MATERIAL PROVIDED section start
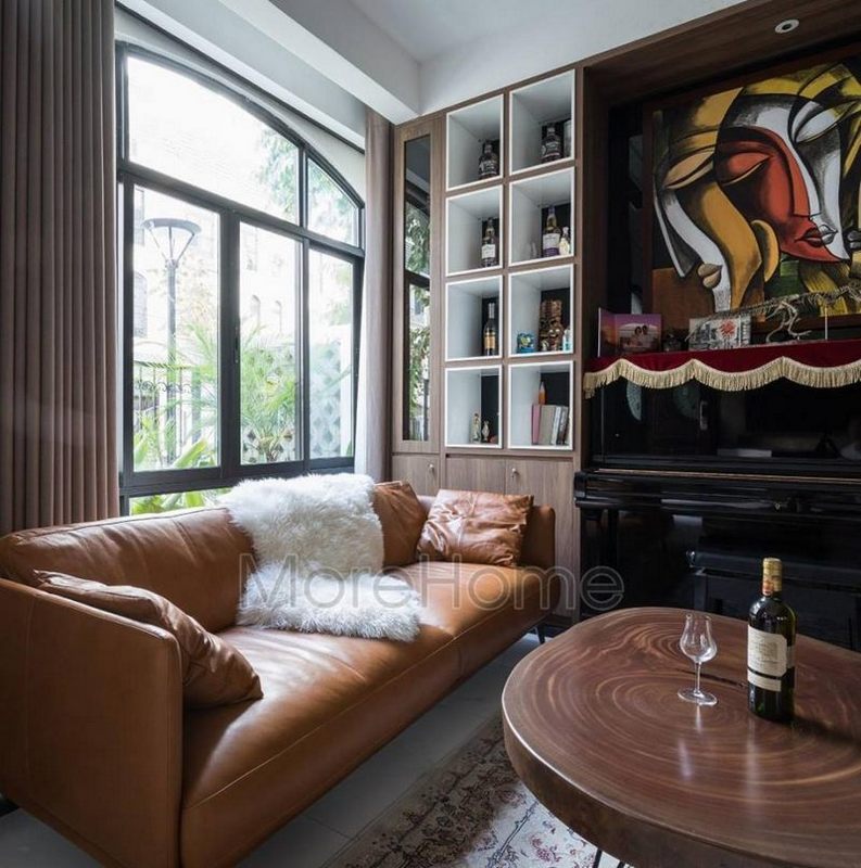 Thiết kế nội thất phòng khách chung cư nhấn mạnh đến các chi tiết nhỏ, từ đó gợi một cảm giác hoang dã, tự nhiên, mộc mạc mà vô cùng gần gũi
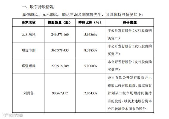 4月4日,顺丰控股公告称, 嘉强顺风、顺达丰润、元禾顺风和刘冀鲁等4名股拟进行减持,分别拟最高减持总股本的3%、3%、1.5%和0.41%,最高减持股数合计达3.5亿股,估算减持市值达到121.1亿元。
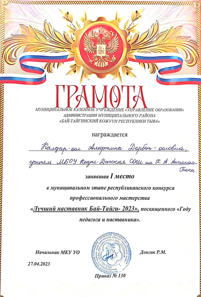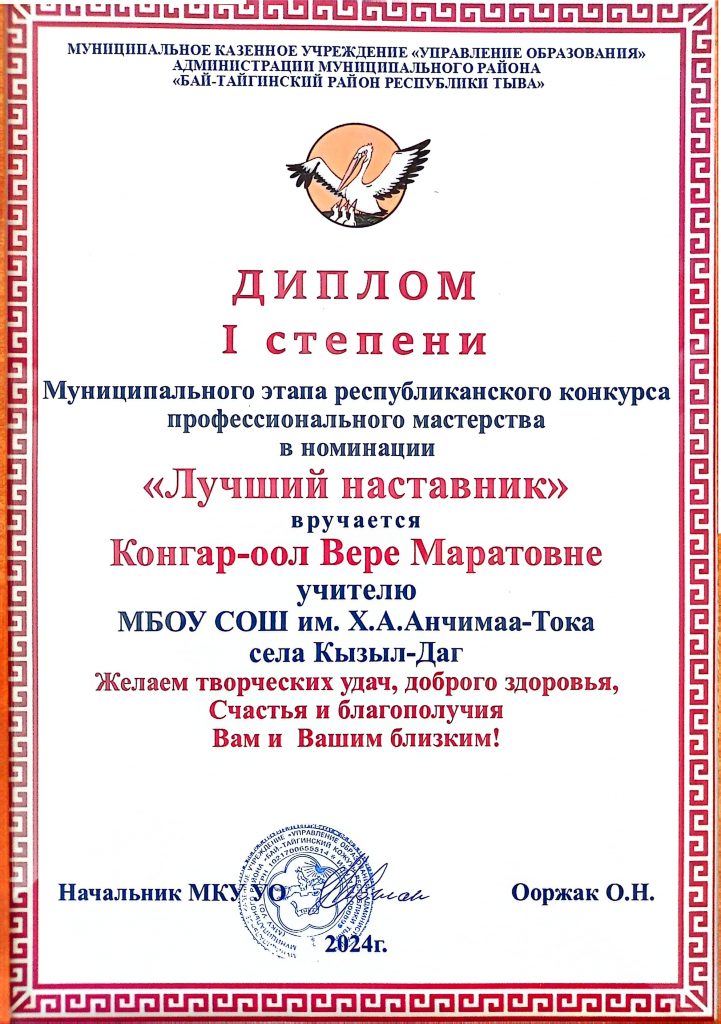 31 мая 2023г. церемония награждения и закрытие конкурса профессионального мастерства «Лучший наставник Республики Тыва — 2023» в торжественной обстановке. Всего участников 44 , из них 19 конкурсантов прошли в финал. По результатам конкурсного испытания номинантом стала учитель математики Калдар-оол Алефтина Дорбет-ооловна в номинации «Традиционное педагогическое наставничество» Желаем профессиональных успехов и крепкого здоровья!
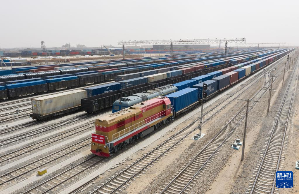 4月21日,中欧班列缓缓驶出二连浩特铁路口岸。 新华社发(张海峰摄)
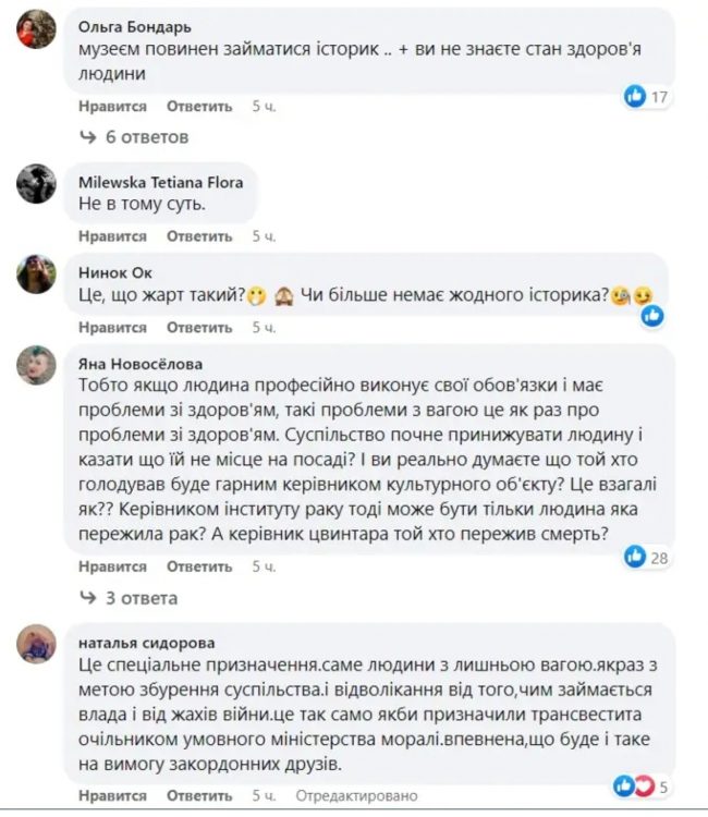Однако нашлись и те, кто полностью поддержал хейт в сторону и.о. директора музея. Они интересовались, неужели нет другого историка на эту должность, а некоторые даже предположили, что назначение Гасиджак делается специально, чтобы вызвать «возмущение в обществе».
MATERIAL PROVIDED section end
INSTRUCTIONS TO FOLLOW >>
Give again, exactly, each line from the one that contains "31 мая 2023г." through the last line of the material above. Pictures do not belong in the copy.

RESULT OF THE TASK >>
 31 мая 2023г. церемония награждения и закрытие конкурса профессионального мастерства «Лучший наставник Республики Тыва — 2023» в торжественной обстановке. Всего участников 44 , из них 19 конкурсантов прошли в финал. По результатам конкурсного испытания номинантом стала учитель математики Калдар-оол Алефтина Дорбет-ооловна в номинации «Традиционное педагогическое наставничество» Желаем профессиональных успехов и крепкого здоровья!
 4月21日,中欧班列缓缓驶出二连浩特铁路口岸。 新华社发(张海峰摄)
Однако нашлись и те, кто полностью поддержал хейт в сторону и.о. директора музея. Они интересовались, неужели нет другого историка на эту должность, а некоторые даже предположили, что назначение Гасиджак делается специально, чтобы вызвать «возмущение в обществе».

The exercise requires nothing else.